Single by Celine Dion

from the album 1 fille & 4 types
- Language: French
- B-side: "Et je t'aime encore" (instrumental)
- Released: 16 February 2004
- Recorded: 2–11 May 2003
- Studio: Digital Insight (Las Vegas)
- Genre: Pop
- Length: 3:26
- Label: Columbia
- Songwriters: Jean-Jacques Goldman; J. Kapler;
- Producer: Erick Benzi

Celine Dion singles chronology
| "Have You Ever Been in Love" (2003) | "Et je t'aime encore" (2004) | "Je ne vous oublie pas" (2005) |

Music video
- "Et je t'aime encore" on YouTube

= Et je t'aime encore =

"Et je t'aime encore" (lit. 'And I still love you') is a song by Canadian singer Celine Dion from her twentieth studio album, 1 fille & 4 types (2003).
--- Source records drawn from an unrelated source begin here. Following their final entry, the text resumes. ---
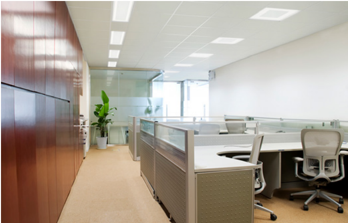
Primo recessed 1X4 & 2X2
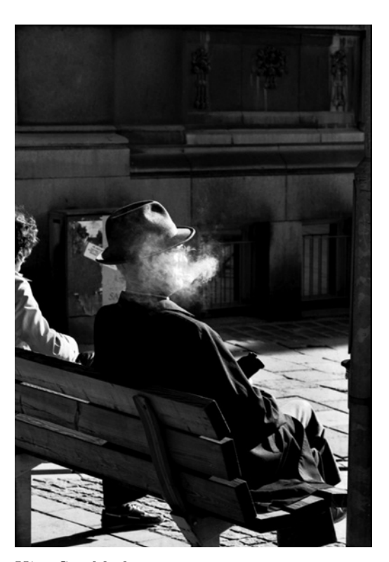
Vår i Stockholm
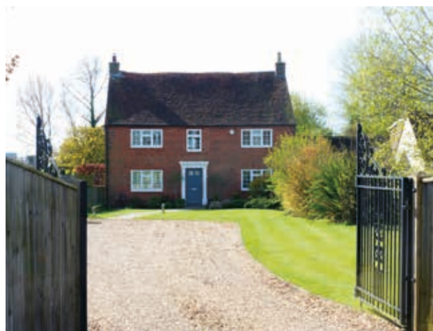
Lowood House, 2 Old Park Lane (the roof of No 3 is visible on the right)
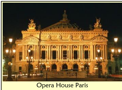
Opera House Paris
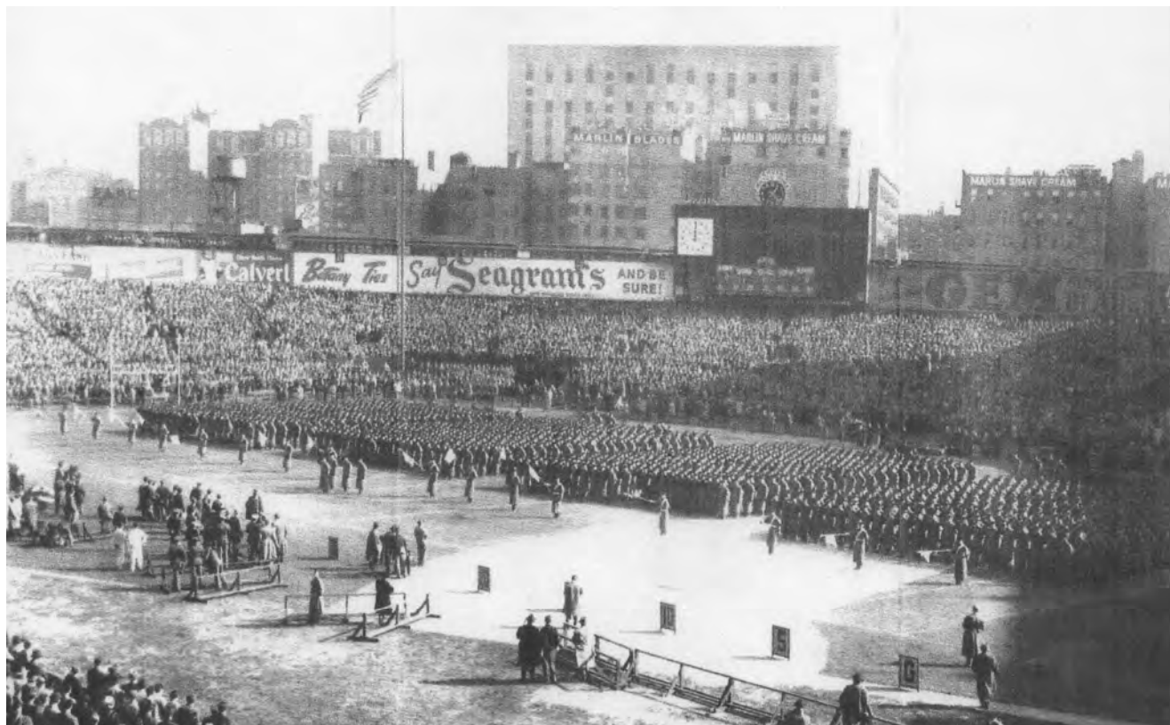
Cadet Brigade Commander leading the Corps of Cadets at the 1943 Army-Notre Dame game

I did not like doing it and have never forgotten that episode, in which I had to be reminded of my duty.
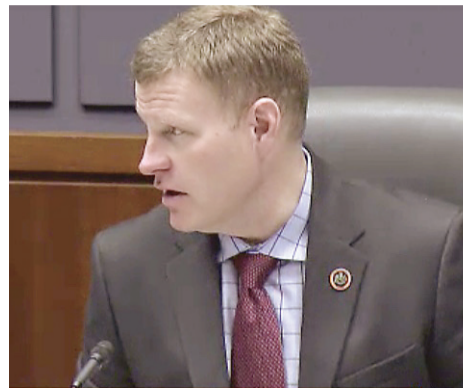
Chairman of the Fairfax County Board of Supervisors Jeffery McKay

The Updated Budget Proposal cut nearly all new spending. It eliminated all pay adjustments for County employees. Hill wrote,
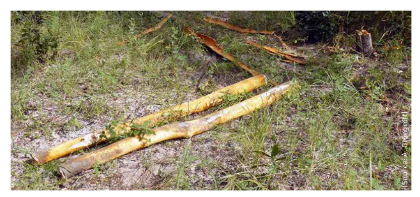
Illegally logged wood for building materials in Botswana.

Conservation Agriculture is the approach being adopted, with which they are hoping to harvest more corn or millet than previously on sandy and nutrient-poor soils. With this approach tests are being car-

Written by Jean-Jacques Goldman and J. Kapler and produced by Erick Benzi, it was issued as the album's second single on 16 February 2004. "Et je t'aime encore" reached number two in Quebec, number 14 in Belgium's Wallonia, number 16 in France, and number 31 in Switzerland.

== Background and release ==
Dion began working on her next French-language album on 8 October 2002 in Paris, where she met with four French songwriters and producers: Jean-Jacques Goldman, Erick Benzi, Jacques Veneruso, and Gildas Arzel. After four days of rehearsals, she met with them again in Las Vegas in May 2003 during a break from performing in A New Day.... The songs were recorded between 2 and 11 May 2003. Goldman, who wrote and produced Dion's best-selling French-language albums, D'eux, oversaw 1 fille & 4 types as artistic director. "Et je t'aime encore", selected as the second single, was sent to radio on 11 December 2003. The song was written by Goldman and his brother J. Kapler and produced by Benzi. The music video was sent to video outlets in late December 2003, and a limited CD single was released in Belgium, France, and Switzerland in February 2004. The English-language version, titled "Je t'aime encore", appeared on One Heart in March 2003. In 2005, "Et je t'aime encore" was included on Dion's greatest hits album, On ne change pas.

== Critical reception ==
Betty Clarke of The Guardian commented on the English version, "Je t'aime encore": "But when she stops trying to be relevant and ceases to be a one-trick pony with a vast lung capacity (as she does on the folky Je t'aime encore), Dion proves she can be more than a series of hollow - if album-shifting - sentiments".

== Commercial performance ==
"Et je t'aime encore" entered the airplay charts in Francophone countries in late December 2003, peaking at number two in Quebec, number 11 in Belgium's Wallonia, and number 59 in Belgium's Flanders. After the commercial release in February 2004, the single reached number 14 in Wallonia, number 16 in France, and number 31 in Switzerland.

== Music video ==
The music video, directed by Yannick Saillet, was filmed in the Whiskey Bar in Las Vegas in October 2003 and released in late December 2003. In 2005, it was included on Dion's greatest hits DVD collection, On ne change pas.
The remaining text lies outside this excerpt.